Re: Memory Bandwidth Tests

Post by odroid »

I didn't know the tinymembench supports the ARM specific NEON accelerator.

BTW, I have no idea why the standard memset speed is very similar to the NEON accelerated memset. :?:

Code: Select all

standard memset                                      :   4877.4 MB/s (0.4%)
vs

Code: Select all

NEON STP fill                                        :   4875.5 MB/s (0.4%)

crashoverride
Posts: 5027
Joined: Tue Dec 30, 2014 8:42 pm
languages_spoken: english
ODROIDs: C1
Has thanked: 0
Been thanked: 323 times
Contact:

Re: Memory Bandwidth Tests

Post by crashoverride »

By now, there are probably Aarch64 optimized versions of memset and memcpy provided. I have not verified this. Its just a guess.

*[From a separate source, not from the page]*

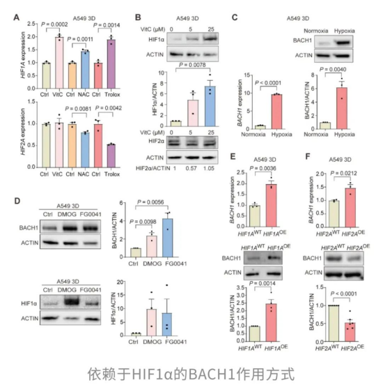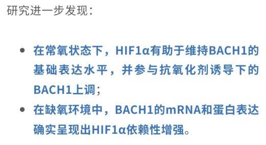 不过,BACH1并不是孤军奋战。既往已有研究提示,在肿瘤缺氧条件下,HIF1α的稳定会驱动血管生成和糖酵解通路的激活,从而有助于肿瘤在恶劣环境中“自我进化”。而且,BACH1本身也是HIF1α的下游转录靶标之一,这就引出了一个关键问题:BACH1到底是HIF1α的“工具人”,还是也能自己“做主”?

Where I think the memory speed (bandwidth) is going to make the most difference is with 4k@60 video. We saw on C2, without AFBC, 4k video tops out around 40fps. While RK3399 does support AFBC, its unclear if its usable in Linux. Since Kodi is moving to remove all platform specific optimizations, its highly likely that on RK3399 there will be no use of AFBC.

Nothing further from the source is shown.